This retrospective registry study used 2 overlapping cohorts from the Surveillance, Epidemiology, and End Results (SEER) data cycles of 2022 (Cohort 1, 2000-2017) and 2023 (Cohort 2, 2015-2021) to examine racial/ethnic differences in surgical recommendation, receipt, and OS outcomes between NH Black and NH White patients.³⁸ Cohort 1 accounted for longer-term trends, whereas Cohort 2 focused on patients diagnosed during recent staging and therapeutic advances. Cohort 1 data covered 2000 to 2020, with diagnoses reported up to 2017. Cohort 2 data covered 2015 to 2021, with diagnoses reported up to 2021. Data related to cause of death were based on state death certificates; survival represented patients who did not die of the specified cause.

Both SEER databases use American Community Survey (ACS) 5-year estimates, covering 26.5% of the US population. County-level data link cancer cases and deaths to static attributes (collected at a single point) and time-dependent attributes (collected at different points). The ACS cycle for SEER 2022 and 2023 provides detailed demographic, social, economic, and housing data for county attributes. Rural-urban continuum codes distinguish metropolitan counties from adjacent nonmetropolitan counties by population. The time to first-line treatment (hysterectomy) was capped at 24 months in both cohorts. The SEER variable RX Summ—Surg Prim Site (1998+) provided surgical codes for hysterectomies, based on the SEER Program Coding and Staging Manual 2023, surgical codes Corpus Uteri C540–C559.³⁹ Surgical decisions were based on tumor stage, using the SEER variable Summary Stage 2000 (1998-2017), which simplifies stage categories by in situ, localized, regional, distant, and unknown. Surgical recommendation and receipt were captured using the variable “reason no cancer-directed surgery,” which specified whether and why hysterectomy was or was not recommended and/or performed.

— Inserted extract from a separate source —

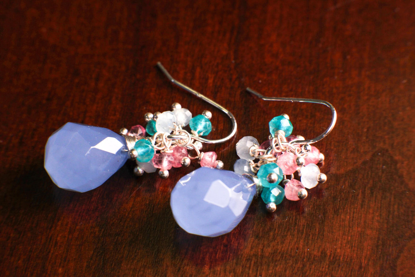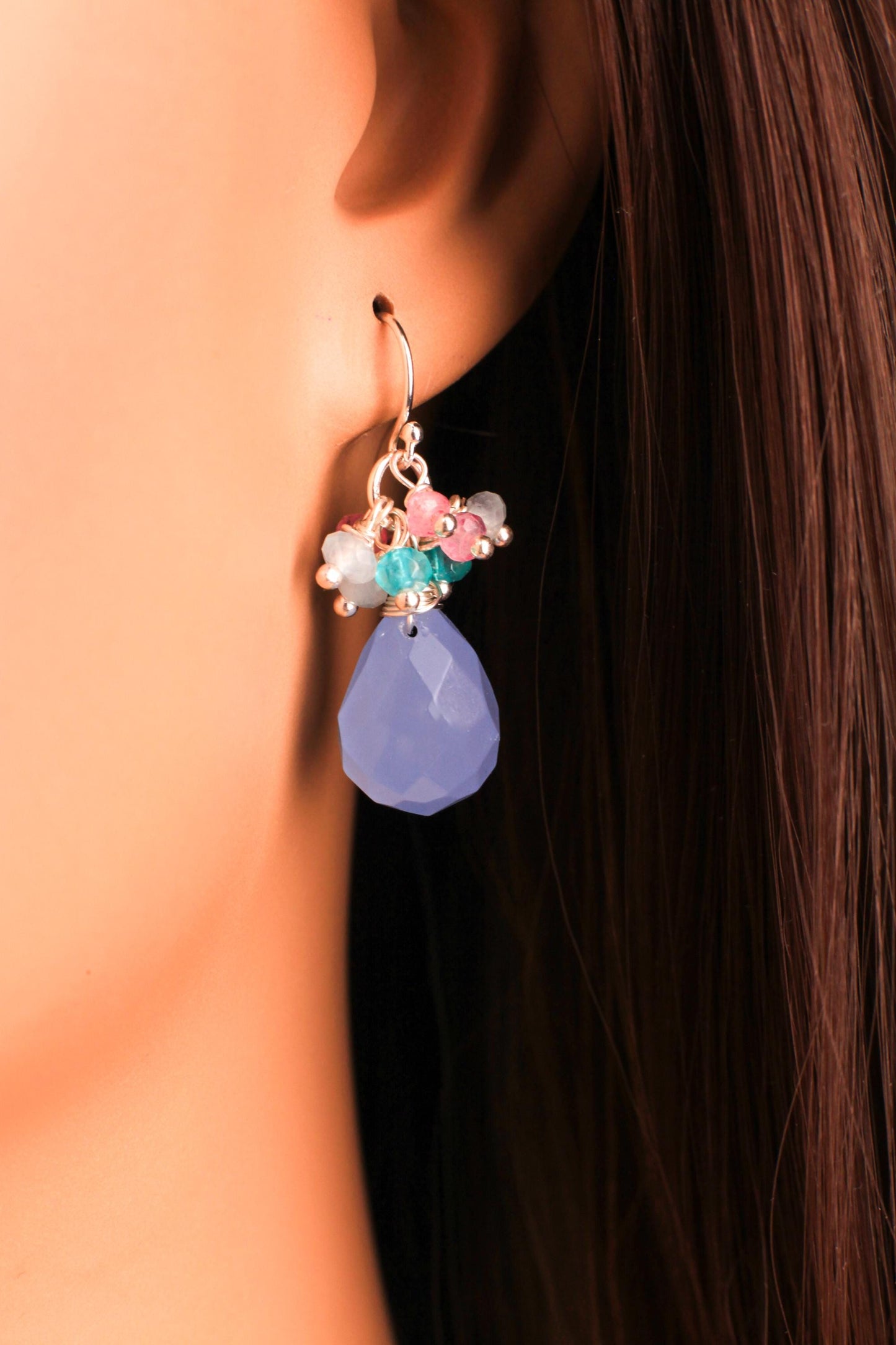 Natural Sky Blue Chalcedony 12x16mm Drop Briolette dangling, Apatite, Pink Topaz, Aquamarine Cluster 925 Sterling Silver Earrings

Cohort 1 included NH Black or NH White women aged 18 years or older with a diagnosis of first and only malignancy between 2000 and 2017, with known stage and histology. Exclusions were unknown tumor grade, median household income, metropolitan proximity, benign/borderline malignancies, or autopsy diagnoses. Median household income was dichotomized using the 2021 US Census estimate of $70 000.⁴⁰ Histology was categorized as corpus uteri carcinoma and carcinosarcoma, corpus uteri adenosarcoma, or corpus uteri sarcoma. Cohort 2 included NH Black or NH White women aged 18 years or older with microscopically confirmed uterine cancer diagnosed between 2015 and 2021. Exclusions were benign/borderline malignancies or autopsy diagnoses. Median household income was dichotomized using the average 2015-2021 US Census estimate of $65 000.⁴¹ To ensure standardized diagnostic data, we included only patients with microscopically confirmed uterine cancer. To better represent tumor histology, uterine cancer was categorized as endometrioid, nonendometrioid, sarcoma, or other (see Supplement).⁴² Geographic US regional data were not available in SEER for 2023.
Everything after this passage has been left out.